*PROBLEM TO WORK ON*. Look below for the line that contains "샤넬 램스킨 퀼팅 우드 뮬 G38555", then quote it and all the lines after it, exactly, with the pictures left out.

*DATA SHOWN*.
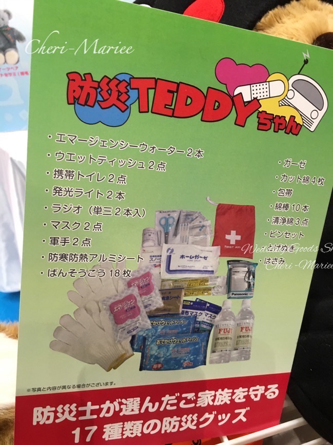 災害時に使える防災&避難グッズが入っているテディベアが生まれました。
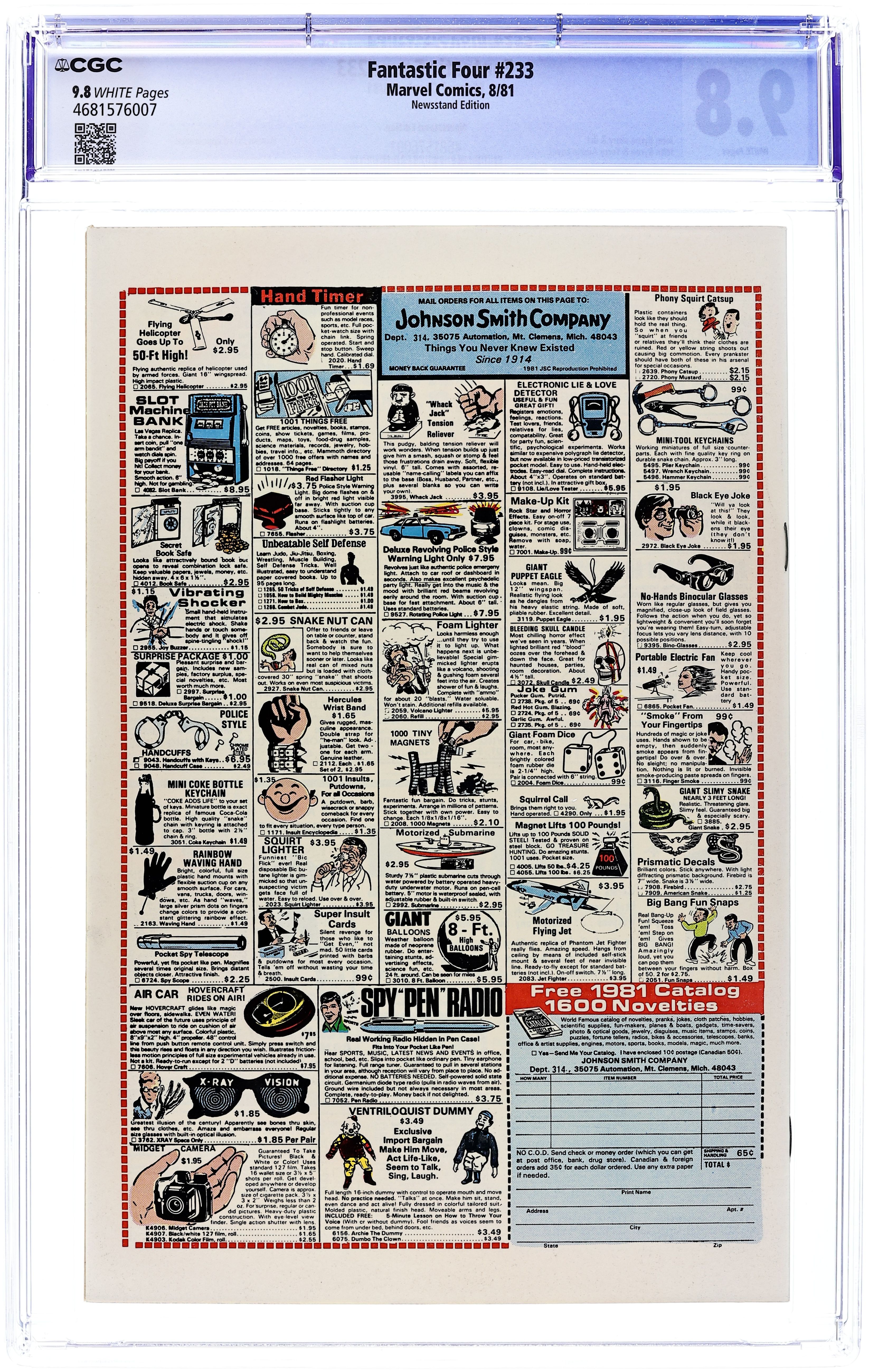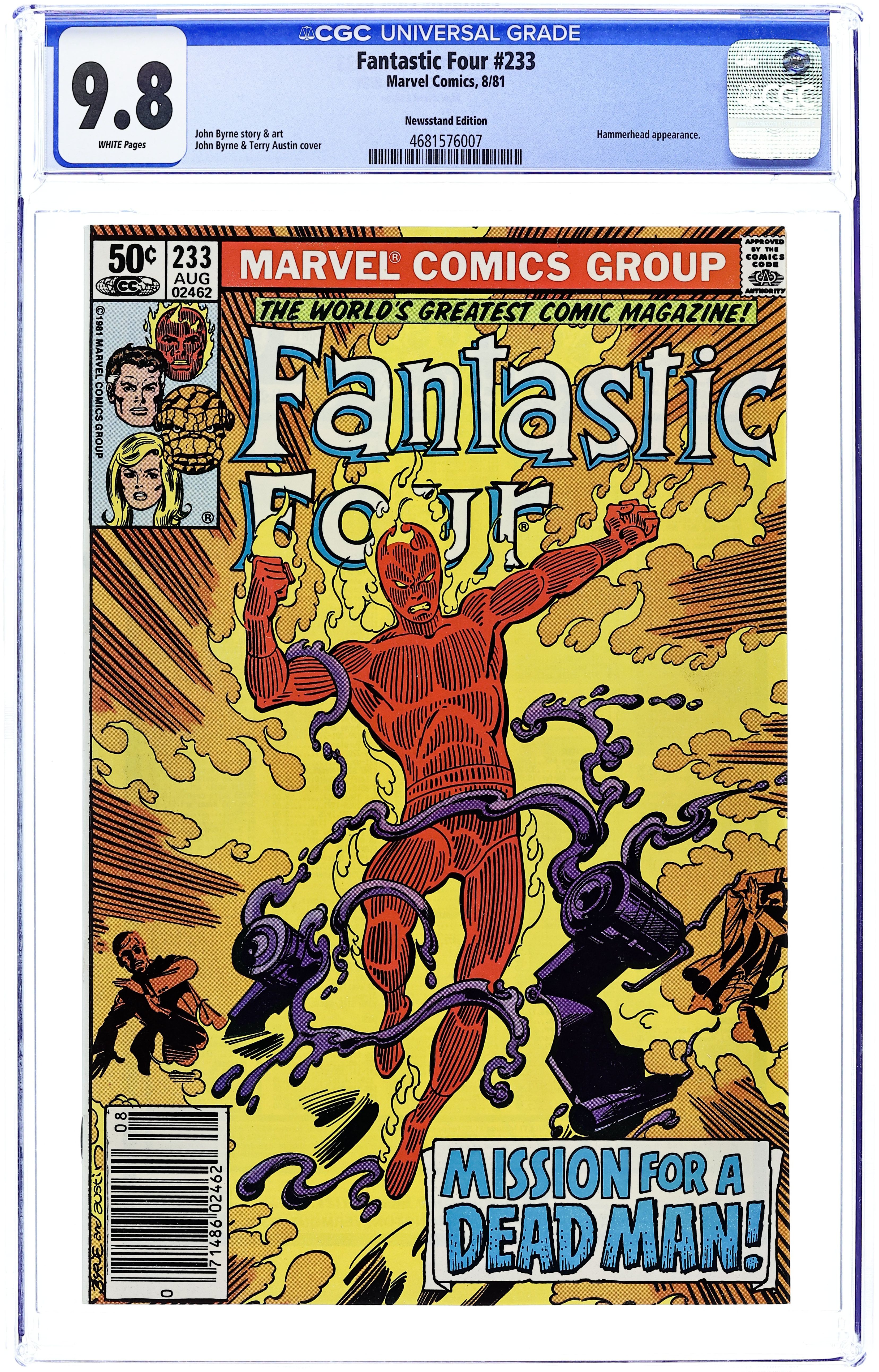 Newsstand Edition. "Mission for a Dead Man!" Script and Art by John Byrne. Cover by John Byrne and Terry Austin. A prisoner on death row makes one final request in the moments before his execution...could his former high school classmate, the Human Torch, clear his name (posthumously)? Johnny Storm picks up the pieces of a years old murder investigation and follows the trail to the Maggia and Hammerhead! Can the Torch beat the web-slinger's old foe? And perhaps clear a dead man's name? 36 pages Cover price $0.50.
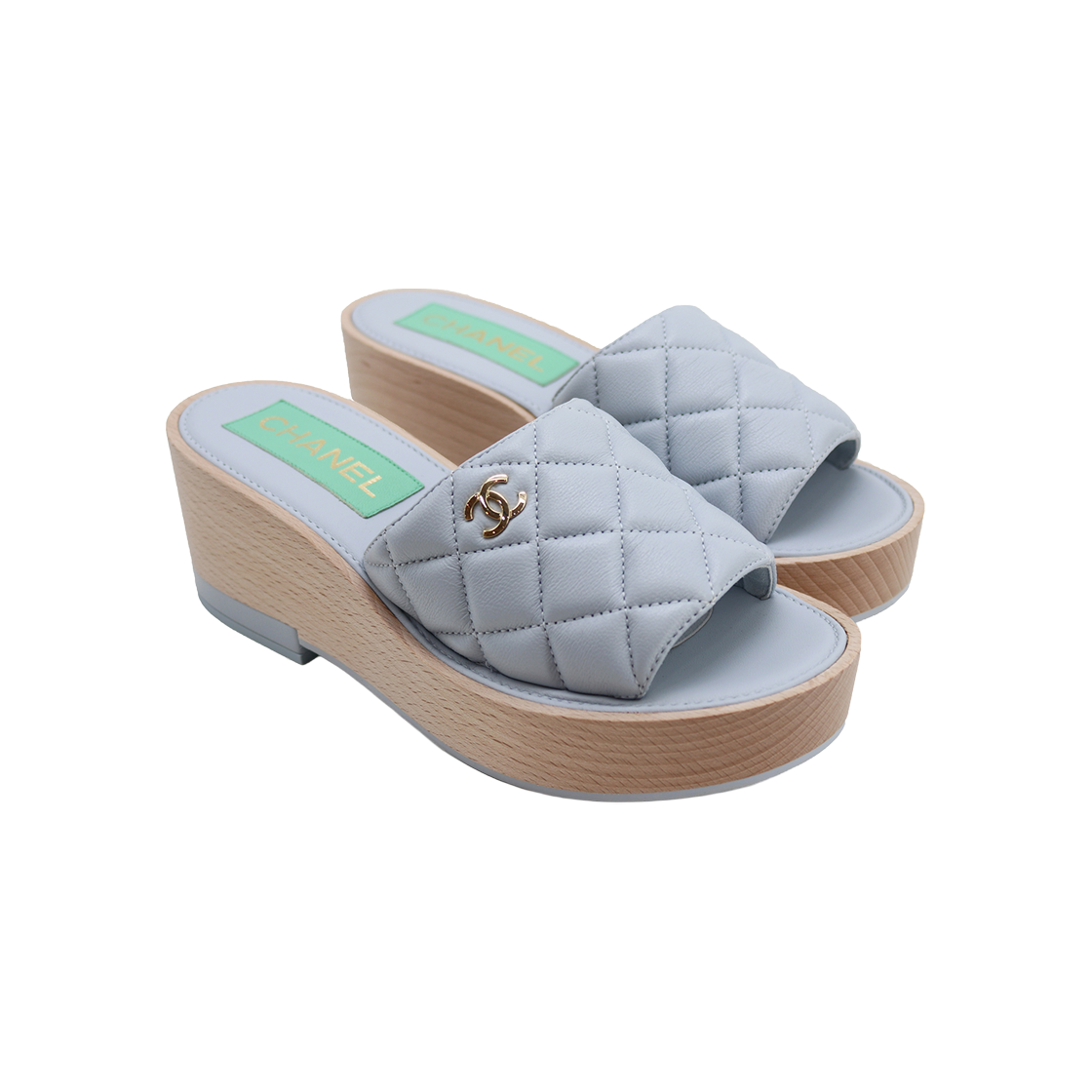 샤넬 램스킨 퀼팅 우드 뮬 G38555
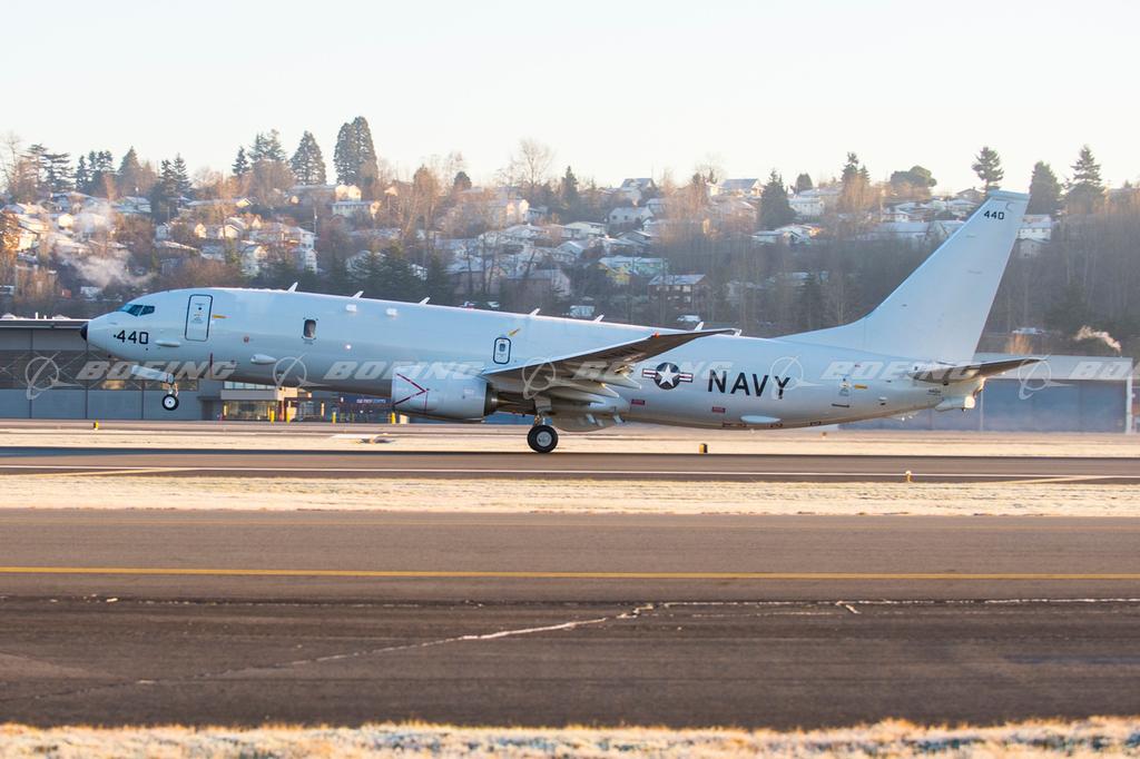 US Navy P-8A Poseidon Takes Off from Boeing Facility

*EXPECTED ANSWER*.
 샤넬 램스킨 퀼팅 우드 뮬 G38555
 US Navy P-8A Poseidon Takes Off from Boeing Facility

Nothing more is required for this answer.